WORK ORDER — Where a picture appears in the data below, exclude it; restate everything else word for word.

GIVEN DATA —
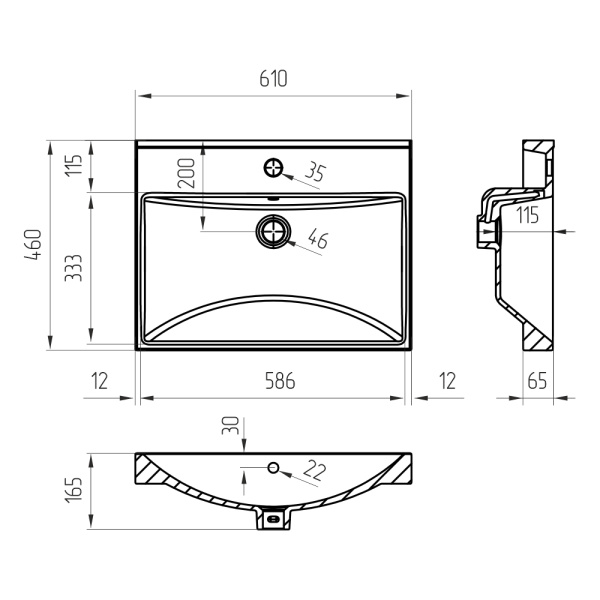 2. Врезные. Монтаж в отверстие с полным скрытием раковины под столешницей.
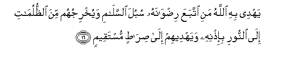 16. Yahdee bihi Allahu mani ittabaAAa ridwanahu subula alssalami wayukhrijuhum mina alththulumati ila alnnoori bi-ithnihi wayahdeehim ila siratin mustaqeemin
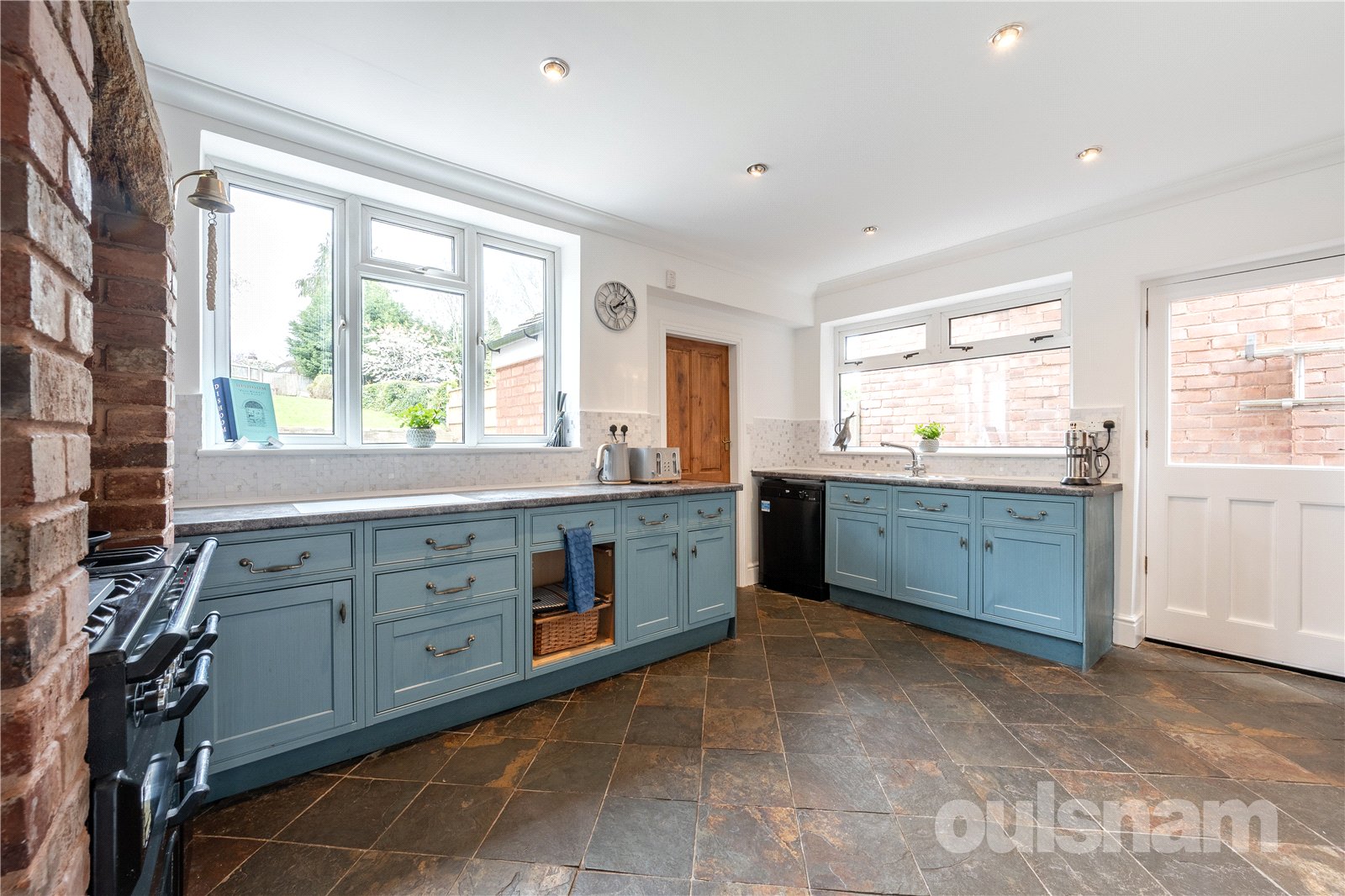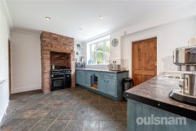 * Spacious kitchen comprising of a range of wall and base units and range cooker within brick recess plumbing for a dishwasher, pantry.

RESULT —
 2. Врезные. Монтаж в отверстие с полным скрытием раковины под столешницей.
 16. Yahdee bihi Allahu mani ittabaAAa ridwanahu subula alssalami wayukhrijuhum mina alththulumati ila alnnoori bi-ithnihi wayahdeehim ila siratin mustaqeemin
 * Spacious kitchen comprising of a range of wall and base units and range cooker within brick recess plumbing for a dishwasher, pantry.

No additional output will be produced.